§ EXERCISE AIM
Print the line containing "户外露营收纳箱侧开门野营木盖折叠箱收纳盒家用车载后备箱储物箱" and each line after it through the end of the material below, exactly as it appears, but skip the pictures.
─── AVAILABLE DATA ───
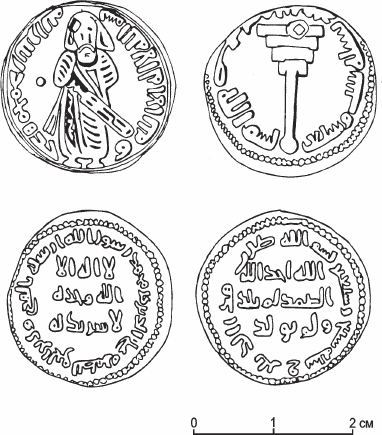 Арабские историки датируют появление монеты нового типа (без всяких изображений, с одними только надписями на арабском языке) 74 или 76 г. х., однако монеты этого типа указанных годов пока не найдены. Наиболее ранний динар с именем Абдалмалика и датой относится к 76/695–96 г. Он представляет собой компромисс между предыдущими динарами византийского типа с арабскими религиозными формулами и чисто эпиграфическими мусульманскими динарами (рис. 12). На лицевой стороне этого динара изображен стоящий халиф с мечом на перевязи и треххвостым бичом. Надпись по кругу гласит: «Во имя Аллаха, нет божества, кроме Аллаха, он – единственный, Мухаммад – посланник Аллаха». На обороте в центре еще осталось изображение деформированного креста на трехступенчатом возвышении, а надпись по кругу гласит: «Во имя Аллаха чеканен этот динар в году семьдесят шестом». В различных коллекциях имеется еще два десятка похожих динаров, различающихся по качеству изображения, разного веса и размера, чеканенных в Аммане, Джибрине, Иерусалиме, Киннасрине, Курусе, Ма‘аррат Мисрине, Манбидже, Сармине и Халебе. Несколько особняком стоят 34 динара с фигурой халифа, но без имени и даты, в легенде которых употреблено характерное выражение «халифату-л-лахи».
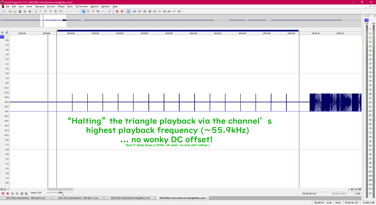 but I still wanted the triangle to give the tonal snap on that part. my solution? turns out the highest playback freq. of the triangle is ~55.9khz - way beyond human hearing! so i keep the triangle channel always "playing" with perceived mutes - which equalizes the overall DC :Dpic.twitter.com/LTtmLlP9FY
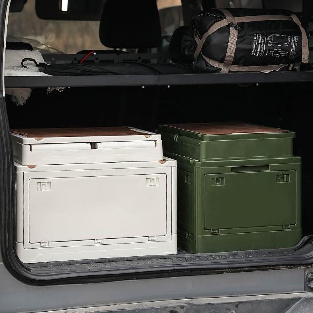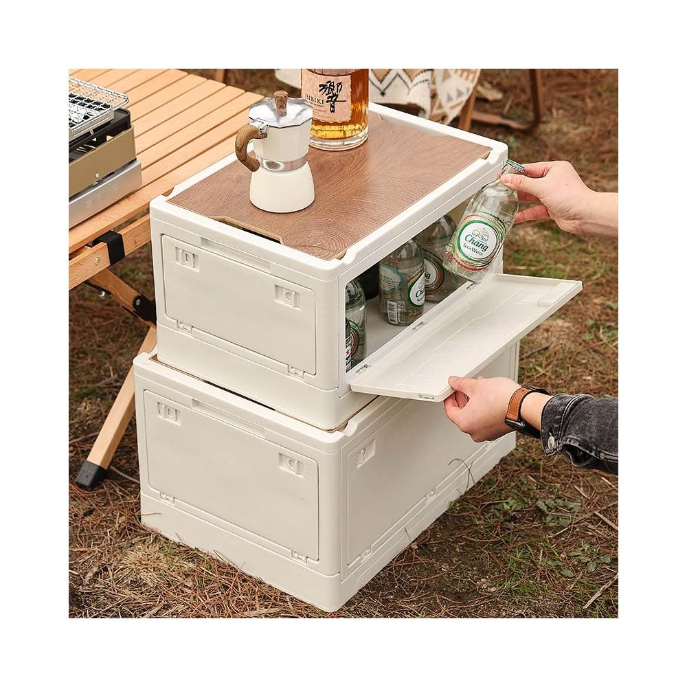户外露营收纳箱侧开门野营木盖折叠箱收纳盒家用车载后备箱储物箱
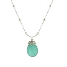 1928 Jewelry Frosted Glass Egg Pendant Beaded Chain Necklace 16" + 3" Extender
───
§ THE COMPLETED TASK
户外露营收纳箱侧开门野营木盖折叠箱收纳盒家用车载后备箱储物箱
 1928 Jewelry Frosted Glass Egg Pendant Beaded Chain Necklace 16" + 3" Extender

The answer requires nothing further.